WHAT YOU HAVE TO DO: Exact copies of the records below are required.

Data excerpts
* * *

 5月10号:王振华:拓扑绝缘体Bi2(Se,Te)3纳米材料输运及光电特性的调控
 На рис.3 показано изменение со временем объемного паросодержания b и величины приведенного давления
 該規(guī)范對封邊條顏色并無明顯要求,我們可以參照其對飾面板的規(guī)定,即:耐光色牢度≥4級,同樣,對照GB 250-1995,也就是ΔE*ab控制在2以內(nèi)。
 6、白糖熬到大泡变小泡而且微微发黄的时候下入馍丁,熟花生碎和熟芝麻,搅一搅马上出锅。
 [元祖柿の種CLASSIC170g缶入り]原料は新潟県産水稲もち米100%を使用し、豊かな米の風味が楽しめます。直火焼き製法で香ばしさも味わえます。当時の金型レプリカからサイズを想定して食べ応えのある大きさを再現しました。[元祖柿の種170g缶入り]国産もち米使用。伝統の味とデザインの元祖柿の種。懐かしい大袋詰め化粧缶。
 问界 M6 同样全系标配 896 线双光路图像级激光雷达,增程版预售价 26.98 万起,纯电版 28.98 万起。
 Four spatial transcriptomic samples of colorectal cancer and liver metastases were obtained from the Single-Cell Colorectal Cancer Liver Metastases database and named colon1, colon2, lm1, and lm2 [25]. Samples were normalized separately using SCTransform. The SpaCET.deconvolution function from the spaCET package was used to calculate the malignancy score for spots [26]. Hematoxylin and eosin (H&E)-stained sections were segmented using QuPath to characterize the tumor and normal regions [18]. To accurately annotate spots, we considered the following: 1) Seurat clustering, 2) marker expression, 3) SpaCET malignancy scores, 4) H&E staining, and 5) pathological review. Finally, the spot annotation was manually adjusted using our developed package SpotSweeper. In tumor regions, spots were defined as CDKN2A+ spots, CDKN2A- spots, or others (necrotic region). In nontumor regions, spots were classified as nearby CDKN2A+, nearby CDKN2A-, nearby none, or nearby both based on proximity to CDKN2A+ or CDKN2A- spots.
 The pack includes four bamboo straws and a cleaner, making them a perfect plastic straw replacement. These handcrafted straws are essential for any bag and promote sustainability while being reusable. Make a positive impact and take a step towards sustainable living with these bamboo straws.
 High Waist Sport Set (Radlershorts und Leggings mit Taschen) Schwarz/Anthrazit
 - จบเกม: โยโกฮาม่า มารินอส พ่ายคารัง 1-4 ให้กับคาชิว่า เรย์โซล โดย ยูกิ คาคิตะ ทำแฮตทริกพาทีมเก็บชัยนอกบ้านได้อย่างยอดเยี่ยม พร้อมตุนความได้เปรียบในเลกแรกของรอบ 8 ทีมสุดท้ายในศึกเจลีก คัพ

* * *

EXERCISE RESPONSE:
 5月10号:王振华:拓扑绝缘体Bi2(Se,Te)3纳米材料输运及光电特性的调控
 На рис.3 показано изменение со временем объемного паросодержания b и величины приведенного давления
 該規(guī)范對封邊條顏色并無明顯要求,我們可以參照其對飾面板的規(guī)定,即:耐光色牢度≥4級,同樣,對照GB 250-1995,也就是ΔE*ab控制在2以內(nèi)。
 6、白糖熬到大泡变小泡而且微微发黄的时候下入馍丁,熟花生碎和熟芝麻,搅一搅马上出锅。
 [元祖柿の種CLASSIC170g缶入り]原料は新潟県産水稲もち米100%を使用し、豊かな米の風味が楽しめます。直火焼き製法で香ばしさも味わえます。当時の金型レプリカからサイズを想定して食べ応えのある大きさを再現しました。[元祖柿の種170g缶入り]国産もち米使用。伝統の味とデザインの元祖柿の種。懐かしい大袋詰め化粧缶。
 问界 M6 同样全系标配 896 线双光路图像级激光雷达,增程版预售价 26.98 万起,纯电版 28.98 万起。
 Four spatial transcriptomic samples of colorectal cancer and liver metastases were obtained from the Single-Cell Colorectal Cancer Liver Metastases database and named colon1, colon2, lm1, and lm2 [25]. Samples were normalized separately using SCTransform. The SpaCET.deconvolution function from the spaCET package was used to calculate the malignancy score for spots [26]. Hematoxylin and eosin (H&E)-stained sections were segmented using QuPath to characterize the tumor and normal regions [18]. To accurately annotate spots, we considered the following: 1) Seurat clustering, 2) marker expression, 3) SpaCET malignancy scores, 4) H&E staining, and 5) pathological review. Finally, the spot annotation was manually adjusted using our developed package SpotSweeper. In tumor regions, spots were defined as CDKN2A+ spots, CDKN2A- spots, or others (necrotic region). In nontumor regions, spots were classified as nearby CDKN2A+, nearby CDKN2A-, nearby none, or nearby both based on proximity to CDKN2A+ or CDKN2A- spots.
 The pack includes four bamboo straws and a cleaner, making them a perfect plastic straw replacement. These handcrafted straws are essential for any bag and promote sustainability while being reusable. Make a positive impact and take a step towards sustainable living with these bamboo straws.
 High Waist Sport Set (Radlershorts und Leggings mit Taschen) Schwarz/Anthrazit
 - จบเกม: โยโกฮาม่า มารินอส พ่ายคารัง 1-4 ให้กับคาชิว่า เรย์โซล โดย ยูกิ คาคิตะ ทำแฮตทริกพาทีมเก็บชัยนอกบ้านได้อย่างยอดเยี่ยม พร้อมตุนความได้เปรียบในเลกแรกของรอบ 8 ทีมสุดท้ายในศึกเจลีก คัพ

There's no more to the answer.